Identify Pathways

I. Goals

Previously, we introduced a study by Best et al. (Best 2015) that examined the feasibility of using platelet transcriptomes to distinguish individuals diagnosed with breast cancer (BrCa) from healthy donors (HD). The workflow step took in RNA-Seq counts and metadata describing the samples (i.e. HD or BrCa) and analyzed the data for gene-wise differential expression (DE). One of the outputs from that step is a list of each RNA species and a respective rank, calculated from the DE test. In brief, the magnitude of rank is proportional to the ‘rareness’ of a difference in RNA counts at least as large as that observed, assuming no association between sample class assignment and RNA count.

Note: For the sake of simplicity, we will use the terms ‘pathway’ and ‘gene set’ interchangeably. Typically, a ‘pathway’ refers to gene set components that enact a change or product (e.g. signal transduction, metabolism).

In this section we discuss the use of Gene Set Enrichment Analysis (GSEA) to sift out pathways from the underlying alterations in gene expression (Figure 1). The pathways that emerge from this analysis will be passed on to the next workflow step where we attempt to simplify their interpretation using the Enrichment Map visualization tool.
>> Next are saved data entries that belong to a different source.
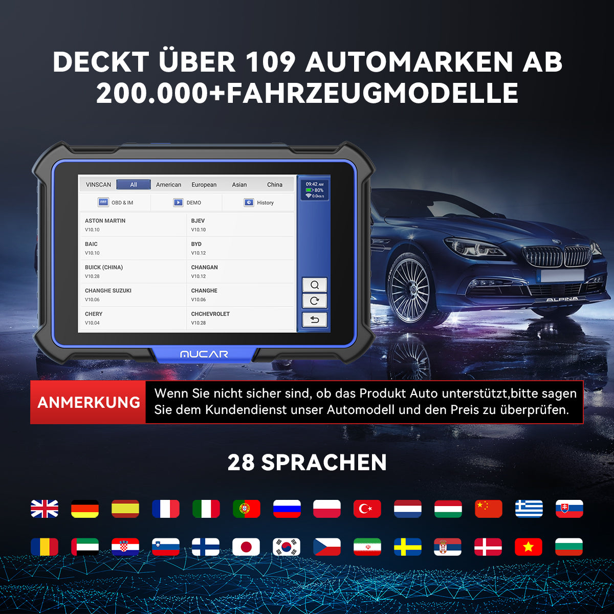 MUCAR VO8 OBD2-Scanner-Diagnose-Tool kann OE-Level-Diagnose und Analyse auf alle verfügbaren Systeme durchführen: ECM, TCM, ABS, SRS, BCM, BMS, TPMS und Klimaanlagen, etc. Durch das Lesen/Löschen von Codes, das Anzeigen von Live-Daten, das Abrufen von ECU-Informationen und das Ausführen aktiver Tests und Servicefunktionen können Fehler genau lokalisiert werden. Mit nur einem einfachen Klick erhalten Sie eine genaue und detaillierte Diagnose.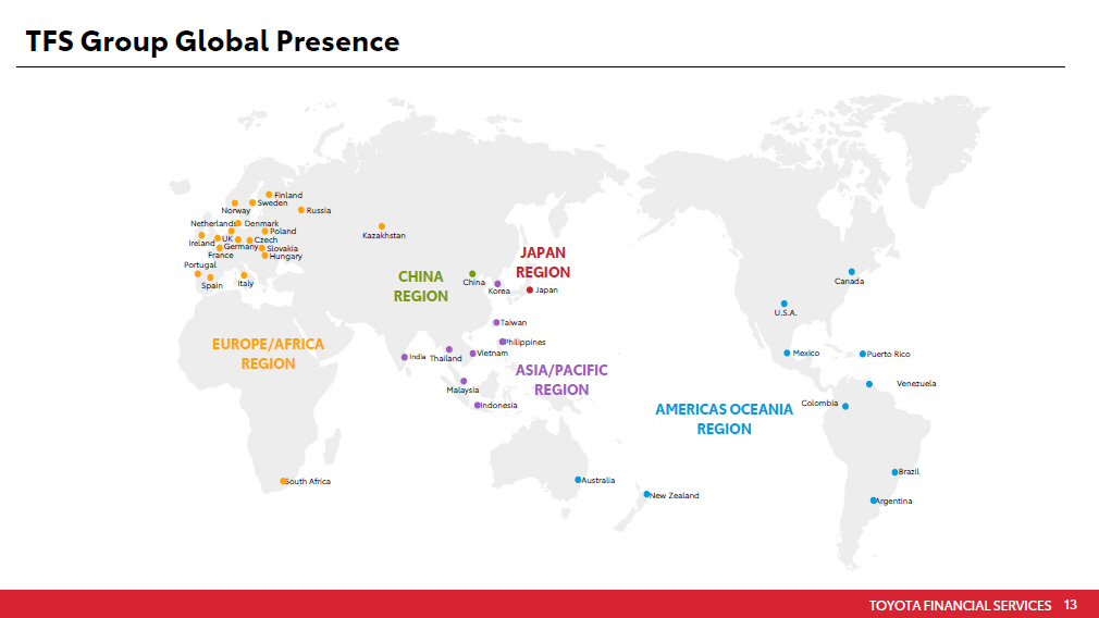 TOYOTA FINANCIAL SERVICES 13 TFS Group Global Presence JAPAN REGION EUROPE/AFRICA REGION CHINA REGION ASIA/PACIFIC REGION AMERICAS OCEANIA REGION Finland Sweden Norway Denmark Vietnam Netherlands Ireland Germany UK France Czech Poland Slovakia Hungary Portugal Spain Italy Kazakhstan China Korea Japa n Taiwan India Thailand Russia Philippines Malaysia Indonesia South Africa Australia New Zealand Argentina Brazil Venezuela Mexico Puerto Rico Canad a U.S.A. Colombia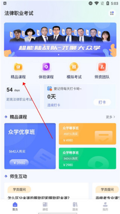 1、下载并打开众学无忧后进入主界面,根据学习需求选择对应课程分类入口进行浏览操作。

By then end of this discussion you should:

  1. Be able to install and set up the GSEA desktop software
  2. Be able to use GSEA to identify enriched gene sets using as inputs a rank file and a gene set database. The gene set database is pre-prepared.
  3. Obtain a pair of reports describing gene sets enrichment in BrCa and HD that are dependencies for subsequent workflow steps


Figure 1. Workflow step goals. Gene Set Enrichment Analysis (GSEA) attempts to answer the question: Can we summarize changes in gene expression as a list of altered pathways? Here we provide GSEA with a list where each gene is assigned a rank based upon differential expression testing along with a database of candidate gene sets to test. The goal of this workflow step will be to obtain two reports, each describing the gene sets up-regulated in either of the input sample classes.

II. Background

A detailed description of GSEA is beyond the scope of this discussion. Recall that, in addition to a rank file, GSEA requires a set of candidate gene sets in the form of a gene set database file (Figure 1). Below we describe a typical gene set database and provide an extremely brief overview for how GSEA operates.

Is there a difference between ‘gene sets’ and ‘pathways’?

GSEA searches through candidate gene sets to identify those that are enriched within our ranked gene list. A gene set is a list of genes that share some attribute. For example, a gene set could consist of loci assigned to a particular chromosomal band. Alternatively, pathways - those genes whose coordinated activity lead to change or produce a product - can also be represented as a gene set. For example, a gene set for a pathway could be represented by genes involved in DNA damage cell cycle checkpoint.

Concretely, let us consider the ‘IL-5 Signaling Pathway’ curated by as part of the NetPath database (Figure 2).


Figure 2. Diagram of the IL5 Signaling Pathway. IL-5 is a glycoprotein which belongs to the cytokine superfamily and plays an important role in the proliferation and differentiation of eosinophils. IL-5 is produced by eosinophils, mast cells, Th2 cells, Tc2 cells and gamma delta T cells. The signaling pathway has been implicated in the pathogenesis of asthma, hypereosinophilic syndromes and eosinophil-dependent inflammatory diseases. Adapted from resources at NetPath (

The pathway depicted in Figure 2 has a corresponding entry in NetPath that contains a listing of the genes and a brief description (Figure 3).


Figure 3. NetPath entry corresponding to IL-5 Signaling Pathway. NetPath Accession number: NetPath_17.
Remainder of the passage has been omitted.